Holly also has extensive experience negotiating and documenting information technology and business process outsourcing transactions, as well as handling general commercial contracting matters. She frequently speaks before industry groups, legal organizations and educational institutions at conferences, seminars and other events. She also is adjunct professor of cybersecurity law at William & Mary School of Law, where she enjoys teaching the next generation of cybersecurity lawyers.


Named among The National Law Journal’s “100 Most Influential Lawyers,” Lisa Sotto chairs Hunton Andrews Kurth’s top-ranked Global Privacy and Cybersecurity practice and is the managing partner of the firm’s New York office. She also serves on the firm’s Executive Committee. Lisa has received widespread recognition for her work in the areas of privacy and cybersecurity. She was voted the world’s leading privacy advisor in all surveys by Computerworld magazine and has received top rankings for privacy and data security by Chambers and Partners and The Legal 500. Lisa serves as the Chairperson of the Department of Homeland Security’s Data Privacy and Integrity Advisory Committee. 

Nicknamed both the “Priestess of Privacy” and “Queen of Breach,” Lisa assists clients in identifying, evaluating and managing risks associated with privacy and data security practices. She advises clients on GLB, HIPAA, COPPA, CAN-SPAM, FCRA, VPPA, security breach notification laws, and other U.S. state and federal privacy and data security requirements (including HR rules), and global data protection laws (including those in the EU, Asia and Latin America). More recently, Lisa and her team have assisted more than 100 clients in developing strategies for complying with the California Consumer Privacy Act of 2018, and the California Privacy Rights Act of 2020.

Lisa also provides extensive advice on cybersecurity risks, incidents and policy issues, including proactive cyber incident readiness.
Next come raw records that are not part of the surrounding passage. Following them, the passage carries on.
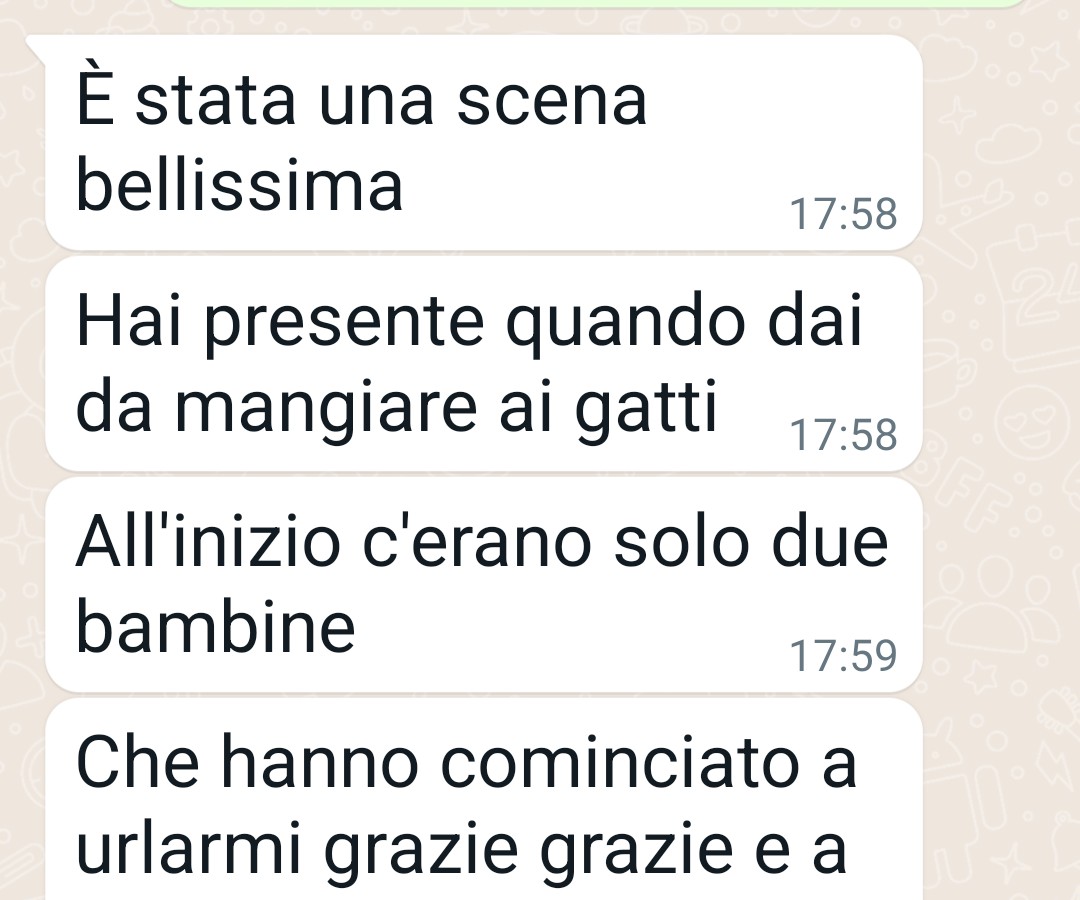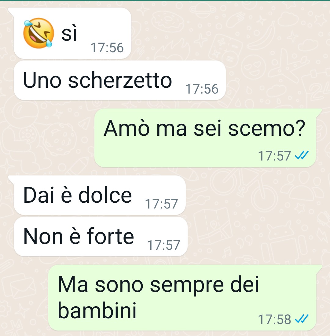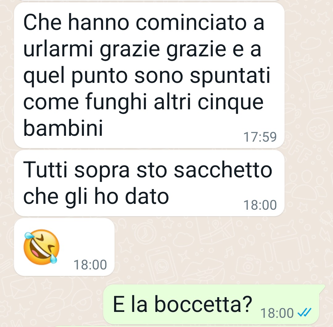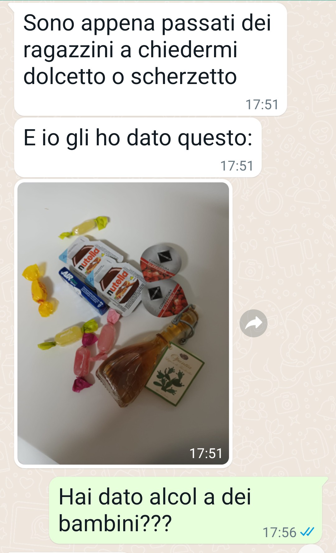“Ciao Commenti Memorabili, sono Ambra e ho un ragazzo idiota, talmente idiota che ha dato dell’alcol a dei bambini. Avete presente l’usanza dolcetto o scherzetto, no? Anche da noi in Italia sta prendendo piede e gruppi di ragazzini girano, anche nei paesi, a chiedere dolcetti. Io ero fuori per lavoro e suonano al mio citofono dei ragazzini. Il mio compagno va ad aprire. Era tutto emozionato, mi ha detto che era la prima volta che gli capitava in vita sua. Si è decisamente confuso. Ecco cosa ha combinato. Vi mando la chat perché certe imprese così memorabili e ignoranti vanno condivise. È un dovere verso il mondo… forse.. Il mio compagno non è un tipo che ci sa fare con i bambini. Ci prova, a suo modo. Non ha fratelli, non ha nipoti e non sa come comportarsi. È una persona buonissima, ma al tempo stesso non si rende esattamente conto di quello che fa. È abituato alla sua comitiva di amici maschi, un circolo privato raffinatissimo dove si rutta per dire ti voglio bene e si brinda col vino buono del supermercato.”
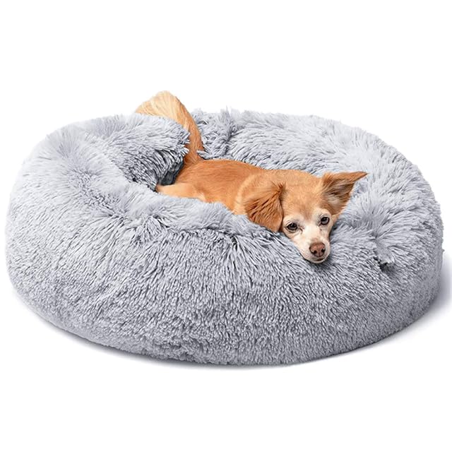 犬 ベッド 猫 ベッド クッション グッズ - ラウンド型 もふもふ OYANTEN 丸型 ドーナツふわふわ もこもこ ぐっすり眠る 洗える 通年 コーギー/柴犬/中型犬用品(75cm, ライトグレー)
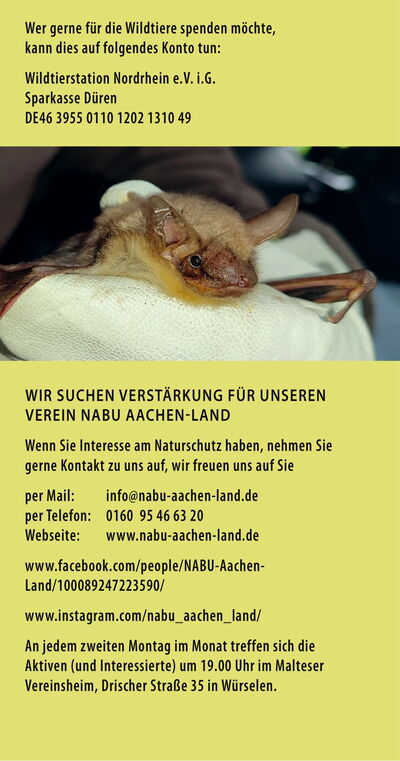 August 2025: Das NABU-Telefon des NABU Aachen Land klingelt: „Ich habe auf meinem Balkon eine Jungfledermaus gefunden. Sie ist sehr schwach. Können Sie hier helfen?“ Der NABU ruft den Arbeitskreis (AK) Fledermausschutz an. Zum Glück gibt es hier noch einen Aktiven, der die Jungfledermaus artgerecht vom Balkon in die Pflegestube bringen kann, wo sie aufgepäppelt und bald wieder am Fundort ausgewildert wird.
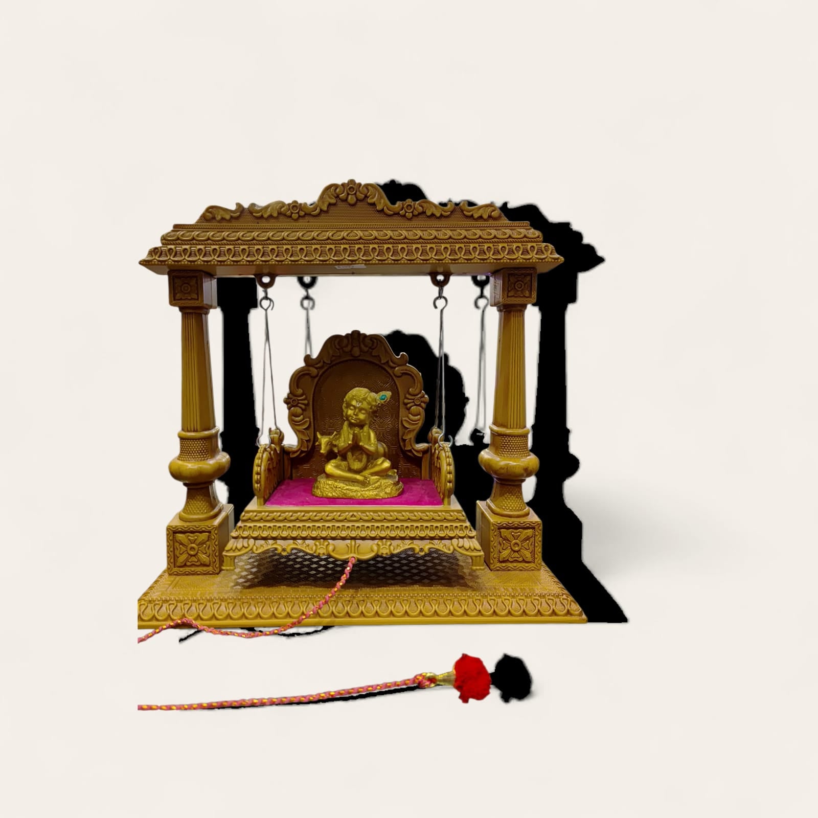 Decoration: A pink beaded necklace with a small, red pom-pom or tassel on the end is resting on the velvet seat, suggesting it is a decorative accessory for the idol.
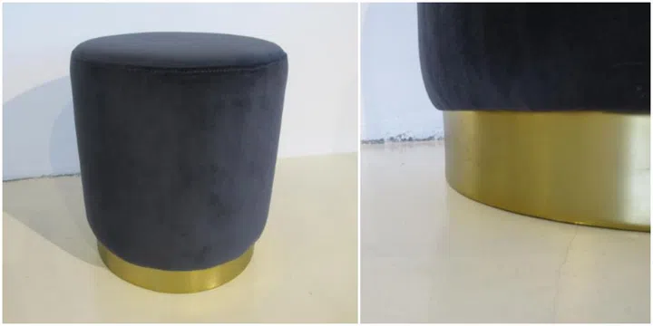 For added seats in your home, this velvet pouf and its distressed metal base will serve its purpose while complementing the overall look in your home.

Since 2005, she has advised clients on more than 1,900 cybersecurity and data breach incidents in the U.S. and abroad, including many of the seminal events. Lisa is the editor and lead author of the legal treatise entitled Privacy and Cybersecurity Law Deskbook, published by Aspen Publishers, Wolters Kluwer Law & Business. 
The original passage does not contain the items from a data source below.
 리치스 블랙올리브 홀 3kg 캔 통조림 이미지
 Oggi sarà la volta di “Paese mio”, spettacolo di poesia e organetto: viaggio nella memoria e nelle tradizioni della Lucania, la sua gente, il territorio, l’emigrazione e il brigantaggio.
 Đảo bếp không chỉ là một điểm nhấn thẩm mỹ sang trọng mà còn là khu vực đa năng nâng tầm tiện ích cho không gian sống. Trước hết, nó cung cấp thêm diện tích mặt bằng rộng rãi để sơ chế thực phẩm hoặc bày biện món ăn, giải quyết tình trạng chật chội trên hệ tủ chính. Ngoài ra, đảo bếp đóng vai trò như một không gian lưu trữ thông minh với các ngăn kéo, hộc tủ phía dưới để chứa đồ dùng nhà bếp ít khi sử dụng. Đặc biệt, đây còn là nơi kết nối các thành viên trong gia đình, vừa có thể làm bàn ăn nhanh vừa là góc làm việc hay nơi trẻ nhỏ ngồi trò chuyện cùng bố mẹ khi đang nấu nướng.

Lisa is chair of the New York Privacy Officers’ Forum and a former member of the Board of Directors of IAPP. She received her J.D. from the University of Pennsylvania Law School, where she was an editor of the Law Review. She received her B.A. from Cornell University, with Distinction in All Subjects. Lisa is admitted to practice in New York.


Robb has more than 10 years of experience representing companies and trade associations in the health care, entertainment, and high tech industries in federal and state politics.

Throughout his career, Robb has worked on legislative and regulatory matters across the country related to health and wellness, economic development, First Amendment protections, e-commerce, retail and privacy. He has substantial experience working with governors and state attorneys general offices, building consensus on political and legislative issues, as well as securing support for amicus briefs.

Robb supports clients on a variety of measures including drafting legislation, testifying before legislative committees and subcommittees, lobbying state and federal legislators, developing and implementing legislative strategies, developing and administering clients’ political action committees, and developing and implementing grassroots and grasstops strategies on local, state and national levels.